As more participants report transactions to newsletters like the PetroChem Wire, the information itself becomes more trusted. New entrants are seen in the market, more transactions occur and more transactional information is reported. The transparency growth cycle feeds itself.
Illiquid markets remain in that state when perceived transactional risk is great. The greatest risks to any market’s efficiency are counterparty performance risk (that the buyer does not pay or that seller does not fulfill supply responsibilities) and benchmark price risk. The startup of cleared ethane, ethylene and polyethylene on the New York Mercantile Exchange in 2009 was a major salve to those uncomfortable with such risks in the open cash markets.
When someone buys or sells a contract volume of ethylene or polyethylene, for example, through the NYMEX Clearport system, the buyer can expect delivery of the material at the agreed price and the seller can expect payment, with both guaranteed by the NYMEX. The ethylene and polyethylene markets also frequently trades in the open spot market on an index basis: The PetroChem Wire.
With two trusted benchmarks (the NYMEX and the PetroChem Wire), transactions are more frequent, and transaction information is more transparent than ever before. The erasure of counterparty risk and the option of managing a margins account for several commodities at once through the NYMEX Clearport system have also proven to create credit and cash-flow efficiencies for many companies.
The result of achieving these evolutionary milestones is that the quality of information generated and consumed by the market community as a whole improves. False rumors and “one-off” deals are quickly dismissed. People throughout the value chain, be they analysts, consultants, sales managers, purchasing managers, brokers or traders, know the price of ethylene, and polyethylene, and ethane. And they know when information is wrong or being portrayed incorrectly.
In other words, the community is able to ask smarter questions.

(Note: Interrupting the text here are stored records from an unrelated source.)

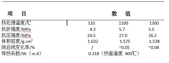按優(yōu)化配方稱料, 混合均勻后加水?dāng)嚢琛沧⒊尚蜑?0mm×40 mm×160 mm試樣, 常溫自然養(yǎng)護(hù)24小時(shí), 脫模后于110℃烘干24 h, 部分試樣繼續(xù)在1100和1300℃熱處理3 h, 然后按相關(guān)標(biāo)準(zhǔn)檢測不同溫度處理后試樣的體積密度、抗折和抗壓強(qiáng)度、導(dǎo)熱系數(shù)等物理性能, 具體數(shù)據(jù)如表2所示。相對常規(guī)爐輥重質(zhì)澆注料 (體積密度2.2g·cm-3, 導(dǎo)熱系數(shù)0.738 W· (m·K) -1) 而言, 體積密度降低25.8%, 具有更輕的容重, 導(dǎo)熱系數(shù)降低約57%, 具有更加優(yōu)良的隔熱效果。同時(shí), 研制的輕質(zhì)隔熱澆注料具有較高的低、中、高溫強(qiáng)度, 隨著溫度的升高, 澆注料的力學(xué)性能比較穩(wěn)定, 沒有發(fā)生大的波動。可見通過配方中多種外加劑的合理設(shè)計(jì), 大幅提高了輕質(zhì)澆注料的抗折、抗壓強(qiáng)度和抗機(jī)械振動能力, 澆注料常溫抗壓強(qiáng)度達(dá)到24.5 MPa, 遠(yuǎn)高于普通輕質(zhì)澆注料的力學(xué)性能, 不僅滿足了脫模及搬運(yùn)要求, 還完全滿足了爐輥300℃烘烤完畢直接入爐使用的要求, 經(jīng)各溫度處理后線變化率較小, 表明有較好的體積穩(wěn)定性。
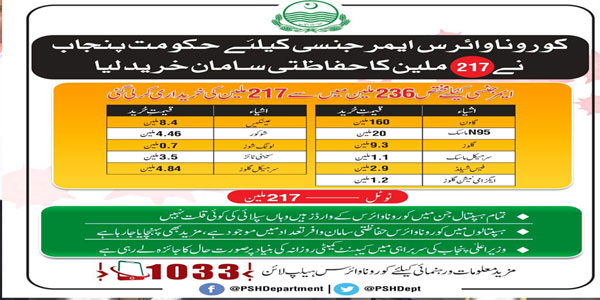 کورونا وائرس کا علاج کرنے والے ڈاکٹروں اور پیرا میڈیکس کے لیے حکومت پنجاب نے پونے 22 کروڑ ۔روپے کا حفاظتی سامان خرید لیا
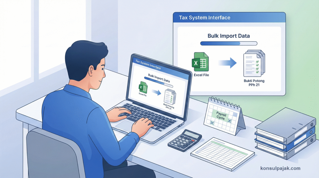 Coretax sebenarnya sudah menyiapkan solusi yang jauh lebih efisien, yaitu pembuatan bukti potong PPh 21 melalui impor data. Dengan metode ini, data gaji, potongan, dan PPh 21 pegawai bisa disiapkan lebih dulu dalam satu file, lalu diunggah sekaligus ke sistem. Hasilnya, puluhan bukti potong bisa terbentuk dalam waktu singkat, tanpa harus mengulang proses yang sama berkali-kali.
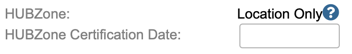 The HUBZone field will automativally reflect "Location" if the client is located in a HUBZone but no certification date has been entered; and it will reflect "No" if the client is not located in a HUBZone. The field will show "Undefined" if the physical address is missing or invalid.
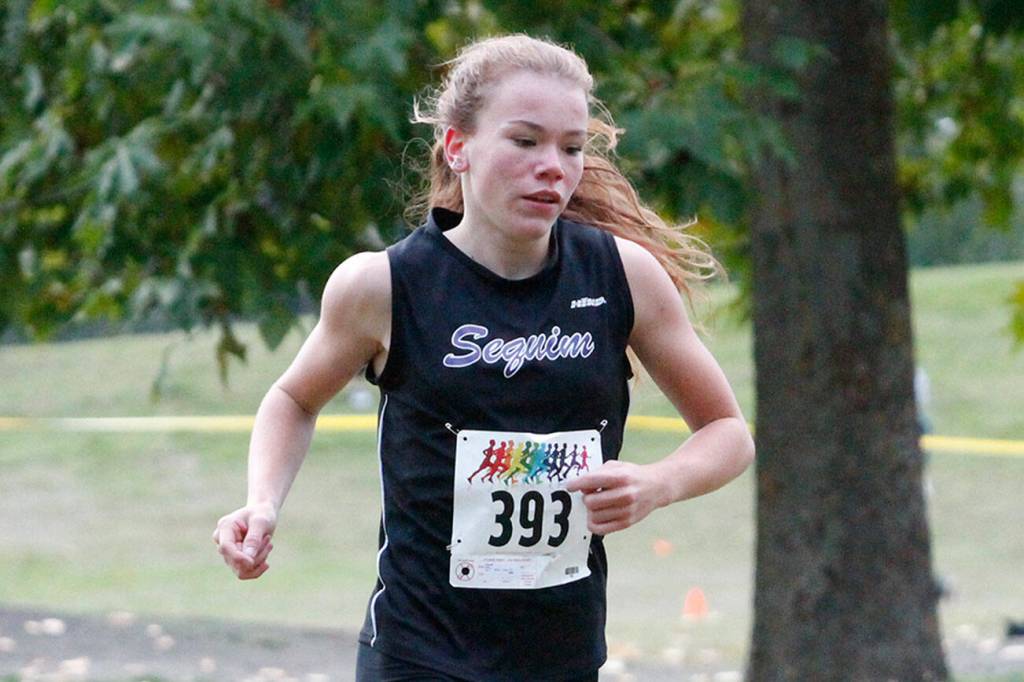 Sequim’s Kaitlyn Bloomenrader was sixth overall, finishing in 20:52 — her second sub-21-minute 5k in as many meets, helping the Wolves fend off North Mason for third place in the team standings.
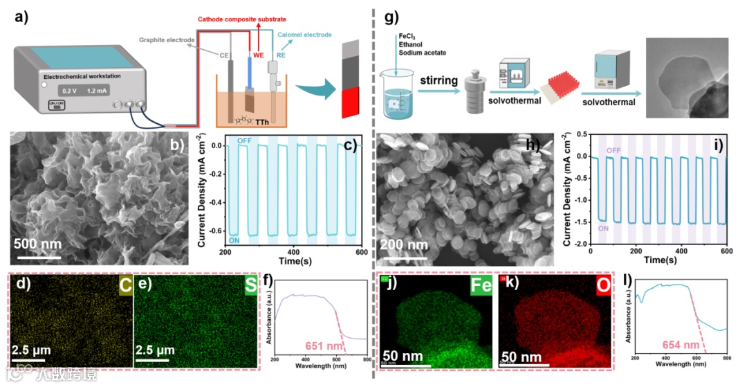 图2. (a)pTTh和(g)Fe2O3的制备流程图;(b)pTTh和(h)Fe2O3的扫描电子显微镜(SEM)图像;(c)pTTh和(i)Fe2O3在有光照和无光照条件下的光电流响应;pTTh中(d)C和(e)S的元素映射;Fe2O3中(j)Fe和(k)O的元素映射;(f)pTTh和(l)Fe2O3的紫外-可见DRS光谱。

Let’s look at a hypothetical situation to illustrate how this occurs. Ethylene is trading today at 42 cents per pound for February delivery, and a resin consumer is working to settle a contract purchase based on the price of the upstream ethylene. The consumer’s contract is given to him for his supply of polyethylene based on 50-cent ethylene. The consumer knows enough to ask where that ethylene price originated, and to ask why it isn’t reflecting current transaction levels in the market.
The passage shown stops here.